= Kanji Nishio =

Japanese academic (1935–2024)

Kanji Nishio (西尾 幹二, Nishio Kanji) was a Japanese intellectual and professor emeritus of literature at the University of Electro-Communications in Tokyo, Japan.

==Life and career==
Nishio was awarded a degree in German literature and a PhD in literature from the University of Tokyo. He translated the works of Friedrich Nietzsche and Arthur Schopenhauer into Japanese and wrote over seventy published works and over thirty translations.

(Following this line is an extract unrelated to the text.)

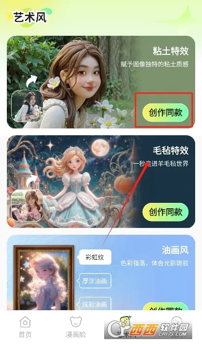 p>进入漫画脸或艺术风专区,能体验更多风格化特效。

Nishio, who was regarded as a rightist intellectual, was the head of the Japanese Society for History Textbook Reform (新しい歴史教科書を作る会, Atarashii Rekishi Kyokasho wo Tsukuru Kai). This was founded in January 1997 by right-wing scholars and cartoonists to devise a new Japanese history textbook because they considered existing ones to be "self-torturing". Nishio had a wide following in Japan. He was quoted as saying "Why should Japan be the only country that should teach kids -- 12- to 15-year-old kids -- bad things about itself? I think it is ridiculous, and very sad and tragic that Japan cannot write its own patriotic history. We lost the war, and a fantasy was born that by talking bad about yourself, you can strengthen your position. I call that masochistic".

He opposed immigration into Japan because he believed it would cause social disorganisation and threaten social cohesion; the subtitle of one of his works is "foreign workers will destroy Japan". Nishio claimed "This is not necessarily an economic problem. Frankly speaking, it is a problem of ‘cultural defense’".

Nishio died on November 1, 2024, at the age of 89.